BEGIN

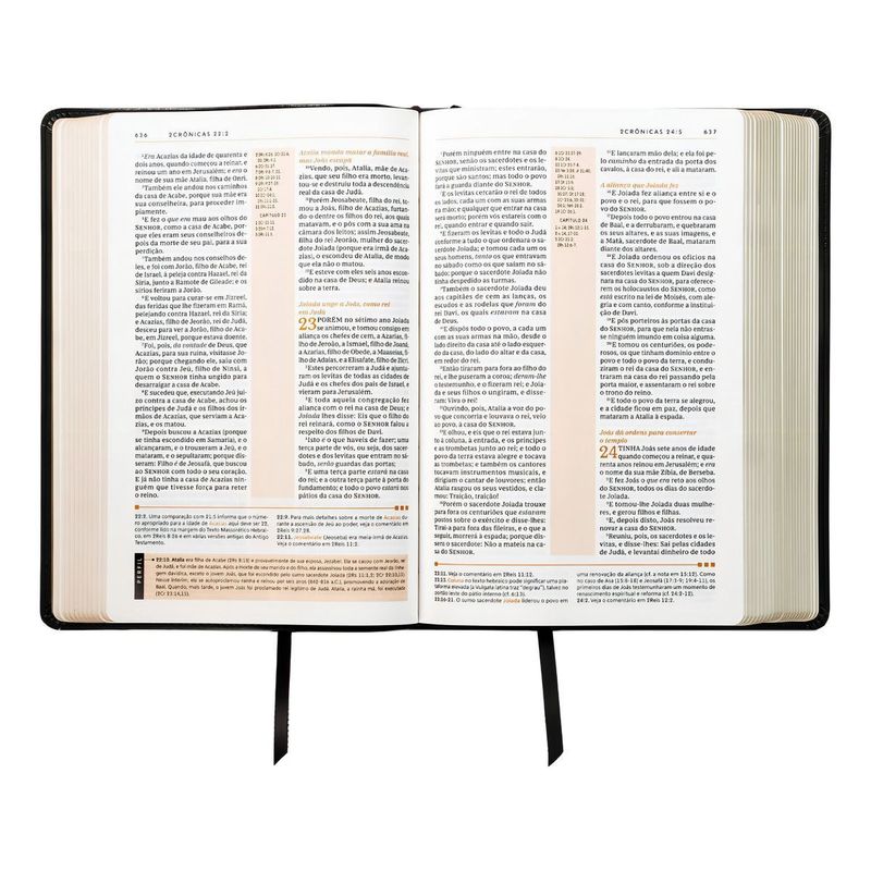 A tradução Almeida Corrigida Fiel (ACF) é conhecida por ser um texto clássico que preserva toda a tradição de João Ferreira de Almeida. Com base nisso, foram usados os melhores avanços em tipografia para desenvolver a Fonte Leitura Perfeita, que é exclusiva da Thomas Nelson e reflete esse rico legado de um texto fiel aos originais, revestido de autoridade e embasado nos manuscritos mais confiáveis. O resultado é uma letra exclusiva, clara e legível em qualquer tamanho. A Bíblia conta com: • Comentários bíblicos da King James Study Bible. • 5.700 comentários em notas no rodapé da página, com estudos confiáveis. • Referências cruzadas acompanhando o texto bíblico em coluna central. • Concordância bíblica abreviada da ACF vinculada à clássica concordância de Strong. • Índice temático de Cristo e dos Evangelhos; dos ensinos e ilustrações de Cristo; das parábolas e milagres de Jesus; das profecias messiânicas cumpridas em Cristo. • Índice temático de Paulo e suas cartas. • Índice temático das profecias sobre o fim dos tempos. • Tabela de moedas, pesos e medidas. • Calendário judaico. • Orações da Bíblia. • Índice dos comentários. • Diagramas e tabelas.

END
BEGIN

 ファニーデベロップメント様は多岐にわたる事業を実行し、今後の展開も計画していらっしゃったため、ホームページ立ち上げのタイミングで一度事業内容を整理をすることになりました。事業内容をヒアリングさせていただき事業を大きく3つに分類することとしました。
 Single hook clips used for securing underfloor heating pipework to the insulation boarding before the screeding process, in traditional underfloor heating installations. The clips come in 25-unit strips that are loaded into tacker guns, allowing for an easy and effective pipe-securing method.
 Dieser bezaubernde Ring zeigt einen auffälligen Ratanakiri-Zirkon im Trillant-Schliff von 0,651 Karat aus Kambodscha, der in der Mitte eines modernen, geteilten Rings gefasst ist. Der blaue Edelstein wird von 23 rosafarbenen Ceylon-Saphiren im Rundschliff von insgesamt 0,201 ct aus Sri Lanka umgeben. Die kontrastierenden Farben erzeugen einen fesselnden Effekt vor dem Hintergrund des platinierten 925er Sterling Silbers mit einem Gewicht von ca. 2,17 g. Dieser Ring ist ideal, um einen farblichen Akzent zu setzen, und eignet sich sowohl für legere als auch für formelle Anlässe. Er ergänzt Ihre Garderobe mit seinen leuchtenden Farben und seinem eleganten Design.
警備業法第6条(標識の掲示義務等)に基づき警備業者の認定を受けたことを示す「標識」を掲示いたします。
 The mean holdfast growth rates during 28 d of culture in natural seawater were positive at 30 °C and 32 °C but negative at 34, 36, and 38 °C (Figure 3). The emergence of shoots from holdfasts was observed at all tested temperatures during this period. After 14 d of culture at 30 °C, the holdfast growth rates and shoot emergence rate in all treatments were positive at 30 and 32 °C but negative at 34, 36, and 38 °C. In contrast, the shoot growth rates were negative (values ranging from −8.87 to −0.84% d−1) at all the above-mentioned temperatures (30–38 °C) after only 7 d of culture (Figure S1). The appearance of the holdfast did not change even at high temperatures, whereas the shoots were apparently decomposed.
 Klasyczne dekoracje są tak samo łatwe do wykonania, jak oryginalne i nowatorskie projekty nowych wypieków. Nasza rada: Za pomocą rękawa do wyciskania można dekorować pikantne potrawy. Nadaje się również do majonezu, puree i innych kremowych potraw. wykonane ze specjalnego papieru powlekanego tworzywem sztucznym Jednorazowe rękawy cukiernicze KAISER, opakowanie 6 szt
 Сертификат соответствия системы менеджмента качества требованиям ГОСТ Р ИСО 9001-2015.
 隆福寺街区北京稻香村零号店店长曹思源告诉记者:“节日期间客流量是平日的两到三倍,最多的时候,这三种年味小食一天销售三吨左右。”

END
BEGIN

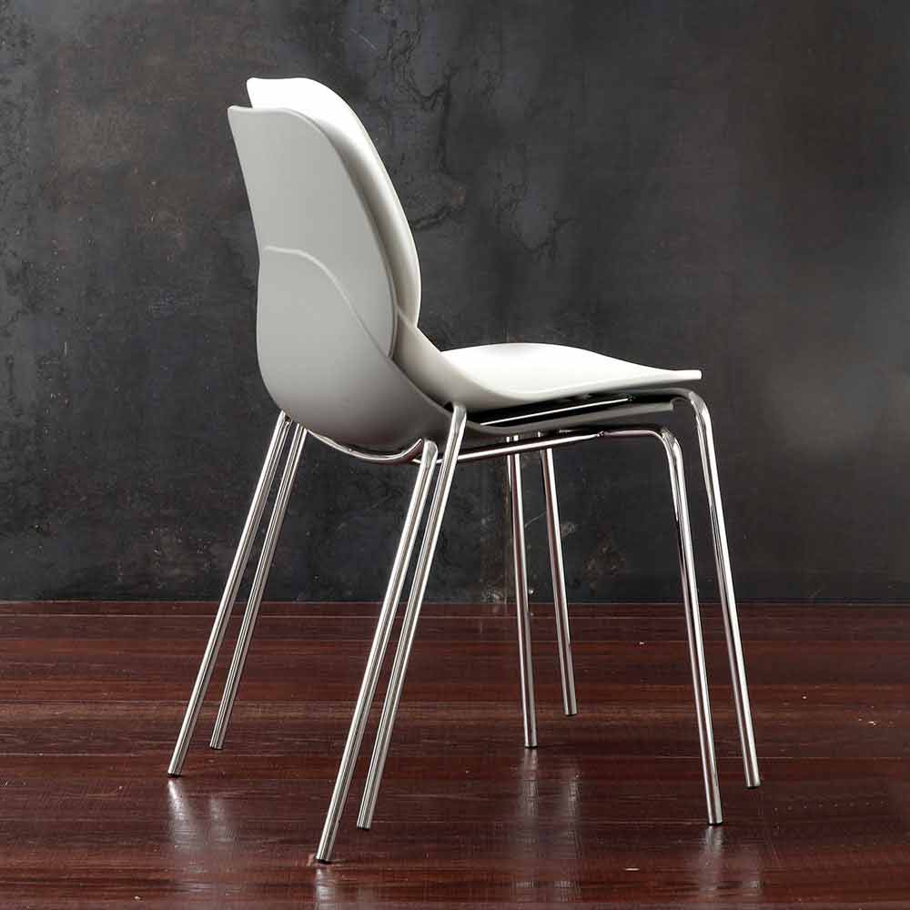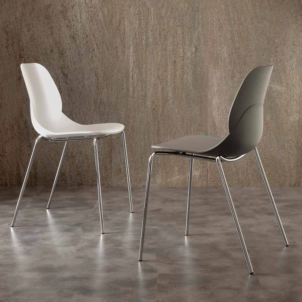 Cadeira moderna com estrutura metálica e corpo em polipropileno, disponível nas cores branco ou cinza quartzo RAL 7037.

END

EXERCISE PROMPT
From the data above, output only the lines between the line containing "ファニーデベロップメント様は" and the line containing "Single hook clips", inclusive, exactly as written.

RESPONSE BELOW
 ファニーデベロップメント様は多岐にわたる事業を実行し、今後の展開も計画していらっしゃったため、ホームページ立ち上げのタイミングで一度事業内容を整理をすることになりました。事業内容をヒアリングさせていただき事業を大きく3つに分類することとしました。
 Single hook clips used for securing underfloor heating pipework to the insulation boarding before the screeding process, in traditional underfloor heating installations. The clips come in 25-unit strips that are loaded into tacker guns, allowing for an easy and effective pipe-securing method.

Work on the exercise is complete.